→ The problem: Working from the start of the listing, please write out exactly the lines through the one that holds "Das Poster besteht", both included, and omit all pictures.

→ Given information:
%%

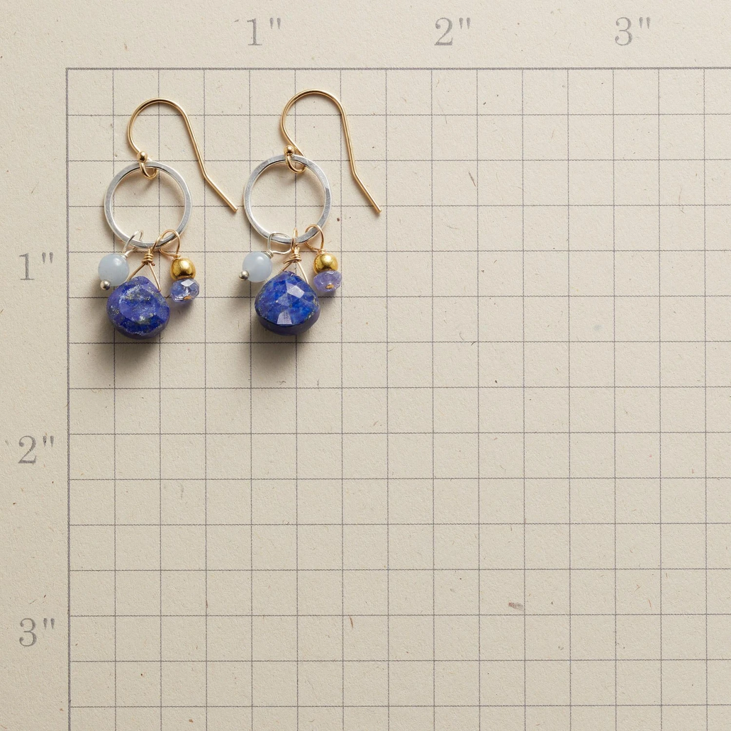 Lapis, aquamarine and tanzanite linked to sterling silver hoops with a mix of sterling silver and brass accents. Exclusive. Handcrafted in USA. 14kt gold-filled French wires. 1-3/8″L.
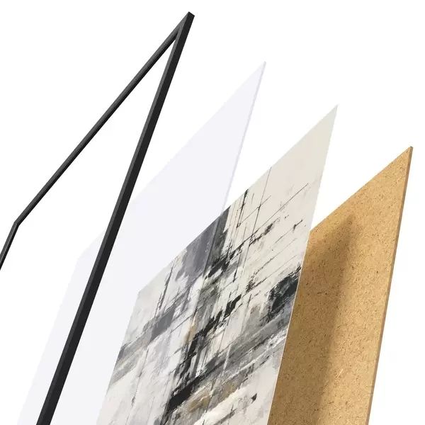 Das Poster besteht aus einem Rahmen, Plexiglas, einem gedruckten Bild und einer Rückwand aus Spanplatten. Dank der Halterungen auf der Rückseite kann das Poster sofort an die Wand gehängt werden.
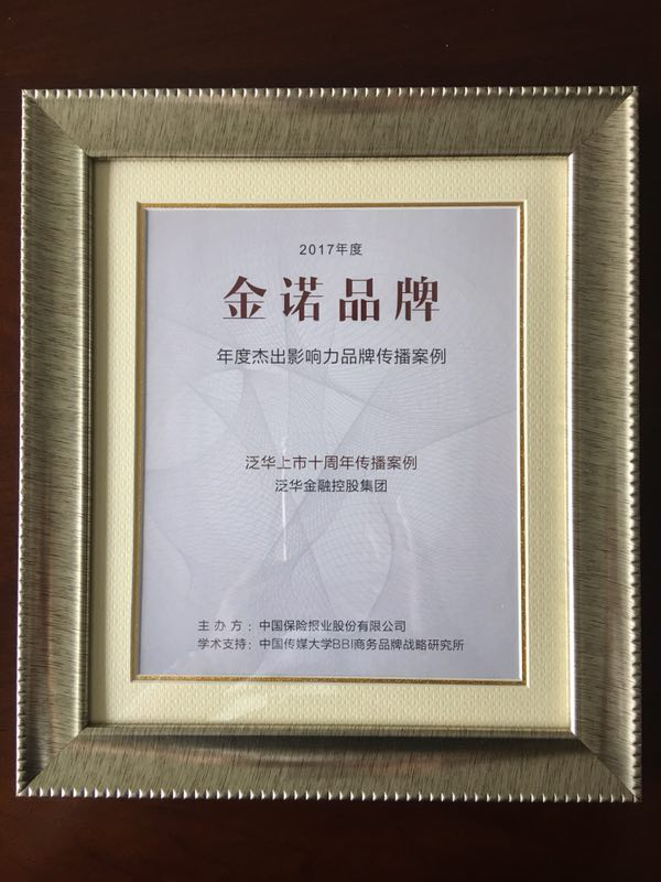 2018年5月9日下午,第二届中国保险品牌影响力论坛在京举行,论坛现场揭晓了2017年度金诺品牌奖名单,泛华金融控股集团凭借“泛华上市十周年传播案例”荣获“2017年度金诺品牌年度杰出影响力品牌传播案例”奖。金诺奖作为保险领域最具影响力的行业奖项,由《中国保险报》发起,并由中国传媒大学BBI商务品牌战略研究所提供独家学术支持。这次论坛上,有来自业内外100余位品牌管理专家,分享如何根据品牌定位、传播策略等因素确定符合企业和行业品牌发展方向的经验。
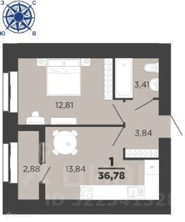 1 комн. квартира в ЖК "Юный", площадь 36.78 м², жилая 12.81 м², кухня 13.84 м²

%%

→ Answer for the task:
 Lapis, aquamarine and tanzanite linked to sterling silver hoops with a mix of sterling silver and brass accents. Exclusive. Handcrafted in USA. 14kt gold-filled French wires. 1-3/8″L.
 Das Poster besteht aus einem Rahmen, Plexiglas, einem gedruckten Bild und einer Rückwand aus Spanplatten. Dank der Halterungen auf der Rückseite kann das Poster sofort an die Wand gehängt werden.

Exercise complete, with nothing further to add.